I did that, got away with completely. Gave me a bit of a shock though, lesson learnt.


----------



## roaringboy (Jun 14, 2014)

Pics of the burrs. They were filthy!



















Cleaned up:










Bit pissed off as I carefully extracted the burr carrier with three bolts only to discover the previous owner had had a go at it with a screwdriver from underneath:










Is this much of a problem?


----------



## roaringboy (Jun 14, 2014)

Burrs feel smooth - they're not catching my finger nail.


----------



## jeebsy (May 5, 2013)

roaringboy said:


> Burrs feel smooth - they're not catching my finger nail.


When going towards the sharp edge?


----------



## roaringboy (Jun 14, 2014)

jeebsy said:


> When going towards the sharp edge?


Yeah, when going with the grain so to speak. They seem like they're sharp enough to give you a nasty cut if you ran your finger along the edge.

Everything is cleaned and back together and seems to be spinning up nicely. No strange noises, no knocking and no noticeable play/movement. Think the damage to the burr carrier is just superficial.


----------



## Dylan (Dec 5, 2011)

The damage to the carrier shouldn't be a problem. But you should check for wobble, you can do this by closing the burrs when they are running, when they get very close if the 'chirp' sounds normal then you are good, if you start to hear the burr touch on one side as it spins then the shaft is likely bent from the removal with a screwdriver.

The burrs look fine, and if they are sharp enough to cut then they are good. They should catch your nail in that this cutting edge should dig in a smidge, if its sharp enough to cut your finger its sharp enough to catch your nail


----------



## roaringboy (Jun 14, 2014)

Dylan said:


> The damage to the carrier shouldn't be a problem. But you should check for wobble, you can do this by closing the burrs when they are running, when they get very close if the 'chirp' sounds normal then you are good, if you start to hear the burr touch on one side as it spins then the shaft is likely bent from the removal with a screwdriver.
> 
> The burrs look fine, and if they are sharp enough to cut then they are good. They should catch your nail in that this cutting edge should dig in a smidge, if its sharp enough to cut your finger its sharp enough to catch your nail


I see. Cheers for the info. They're genuine mazzer ones too.

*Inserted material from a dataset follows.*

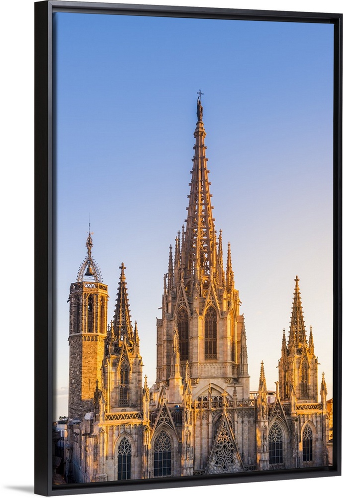 <p>Barcelona, Catalonia, Spain, Southern Europe. High angle view of the old Cathedral of the Holy Cross and Saint Eulalia at sunset.</p>

Can't see why the previous owner removed the lower carrier... It certainly wasn't to clean it!

Got some cheap beans to run through to get it initially dialled in now.

Get to check out how the sweeper mod has worked too. Left the top of the three parts of the vanes off and just gone with the bottom and middle with bits of card between the two to sweep.

Got a stainless shot glass on order off eBay - going to drill it and try use it as a cover like the Mr whippy mod.


----------



## roaringboy (Jun 14, 2014)

Just a quick update - all put back together and used a couple of times.

Spins up fine and no unusual noises.

Now got remove the doser, collar and top burr and switch ready for painting tomorrow. Having it media blasted and powder coated at a local place. £20. That's cheaper than I could paint it myself.


----------